Nello specifico, Coen dice che questa è tutta una manovra degli “scherani di destra” per screditare Hollande.

“Ecco perché si è scatenata questa cagnara: pigliando per bersaglio Blogtrotter, si vorrebbe colpire Repubblica. Un déja-vu. Come mai questi signori si indignano per questo blog e non per la spudorata intervista di Berlusconi alla Bild Zeitung?”

Quindi, gli scherani di destra hanno scritto il testo.

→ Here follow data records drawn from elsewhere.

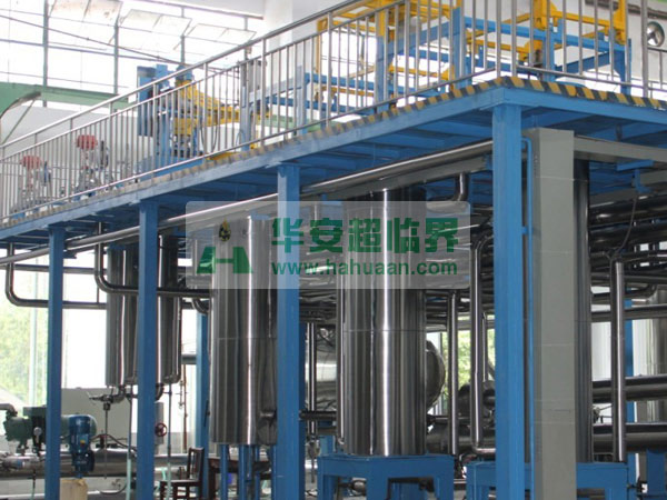 該裝置采用CO2作添加劑,主要應用:食品、醫藥、香精、香料等有效成份的提取,精細分離。裝置由萃取釜、分離釜、精餾柱、CO2泵等組成:萃取釜為0.5-50L/32-50Mpa固液兩用,CO2循環使用。接觸流體的容器、閥門、管路采用1Cr18Ni9Ti不銹鋼制作。
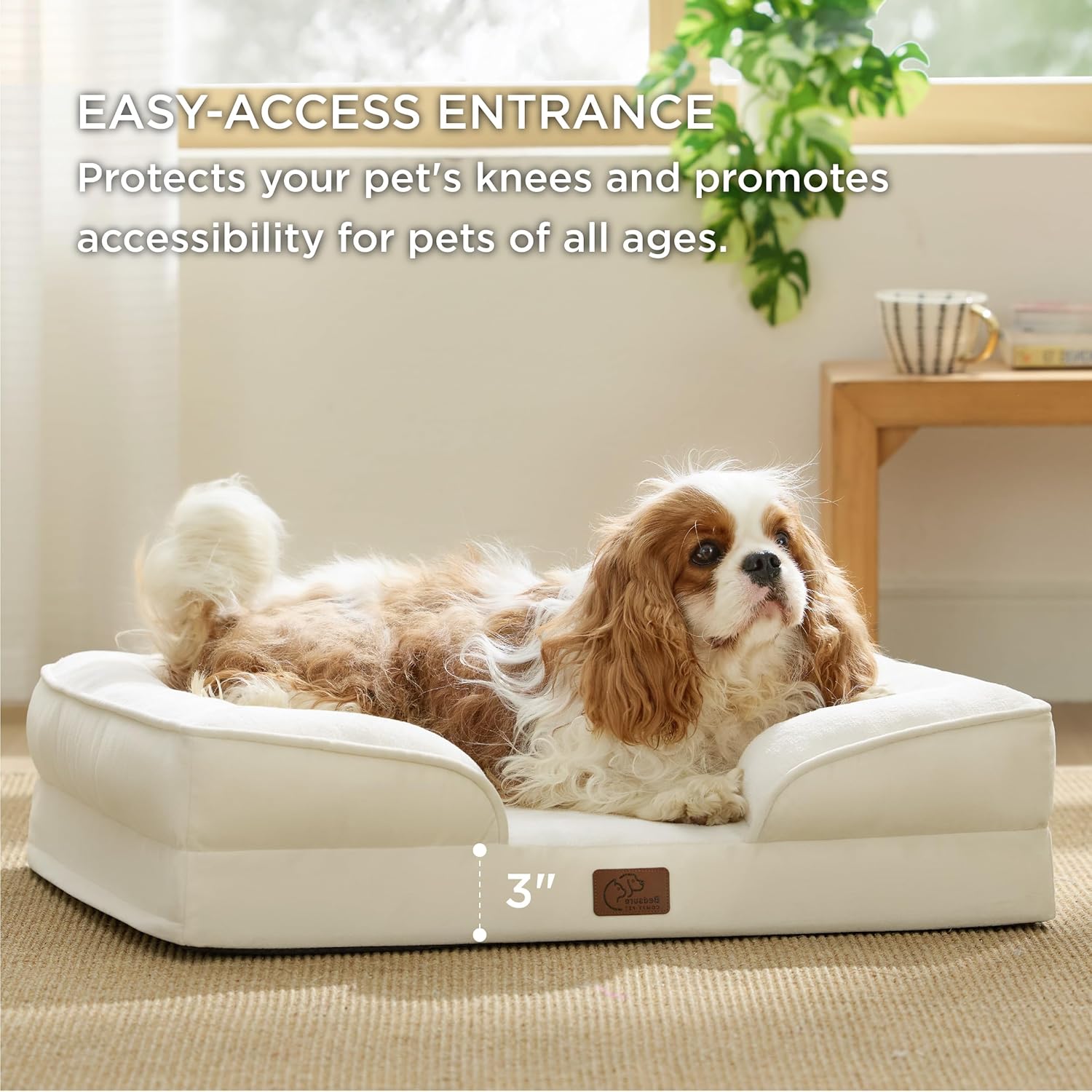 • Enhanced Comfort: The 4-sided bolster design promotes ultimate comfort and security, offering your pet a variety of cozy positions to snuggle. The cushioned bolster shape is deeply filled to support your pet’s head and neck for a more restful sleep. And the lowered entrance protects your pet's knees and promotes accessibility.
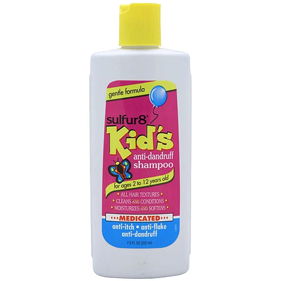 Sulfur8 Kids Anti-Dandruff Shampoo medicated anti-itch, anti-flake, anti-dandruff, for ages 2 to 12 years old. All hair textures, cleans and conditions, moisturizes and softens. Controls scalp itching and flaking due to dandruff.
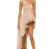 - Midweight ruched slinky jersey fabric with asymmetrical hem
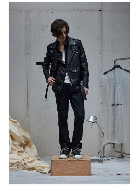 Multi-Zipper PU Leather Fitted Jacket
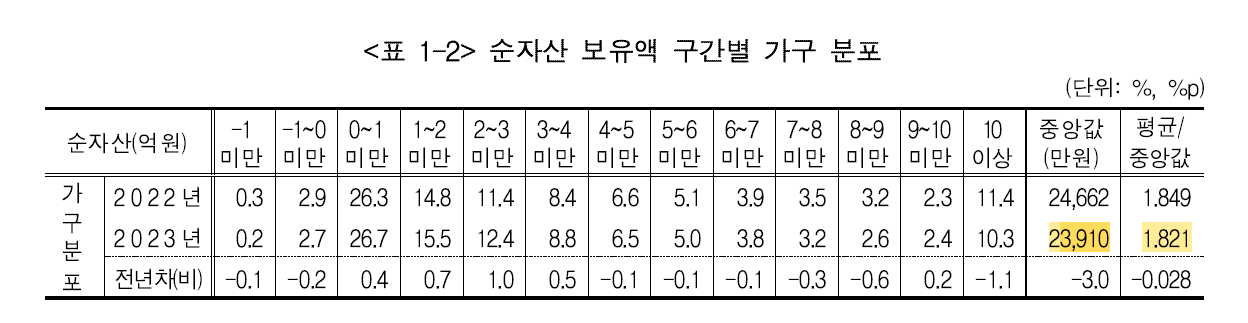 결론, 가구당 순자산 2억 4천이고(중앙값) 2023년은 전년대비 자산이 감소했으면 빈부 격차도 약간 증가했다.
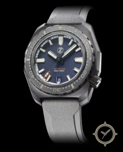 A Dive watch with a bold 48.5mm presence on the wrist, crafted from titanium featuring a blue dial with a unique grained / textured (sandpaper-like) finish.

Il tizio dei bretoni, baschi e provenzali l’ha trovato (o forse è lui stesso uno scherano di destra) e l’ha messo lì sapendo che Coen ci sarebbe cascato. Coen c’è cascato come un pollo, nonostante lavori per un giornale con una redazione che si presuppone dovrebbe esser dotata di un grammo di spirito critico, almeno messi tutti assieme. Gli scherani di destra avrebbero pagato qualcuno (me? o forse sono scherana di destra pure io) per sbufalare la storia e finalmente arrivare a screditare Repubblica. Certo, certo…

Popolo della rete, ho un appello per voi:  “Fate uscire Giulietto Chiesa dal corpo di Coen. Ora, subito, adesso!” [se anche a te piace, condividi!]

PS: a chi si chiede perché proprio Giulietto Chiesa: beh, è diventato un po’ il re dei complottisti (qui un elenco)

2 thoughts on “Hollande, Coen, plagi e complotti

  1. Reply juhan lug 20, 2012 19:14

    Condivido ma due cose: 15 luglio e non agosto (o avete cambiato il calendario senza dirmi niente?) e poi la Bretagna nel Mediterraneo non la voglio; non sono razzista ma resti sull’Atlantico (o l’avete spostata senza dirmi niente?).
    C’è un complotto contro di me?

  2. Reply brain_use lug 23, 2012 08:46

    Stra-ROTFL.
    Condivido in pieno.

    Sono le classiche conseguenze del non voler semplicemente dire: ok, ho preso un abbaglio, scusate.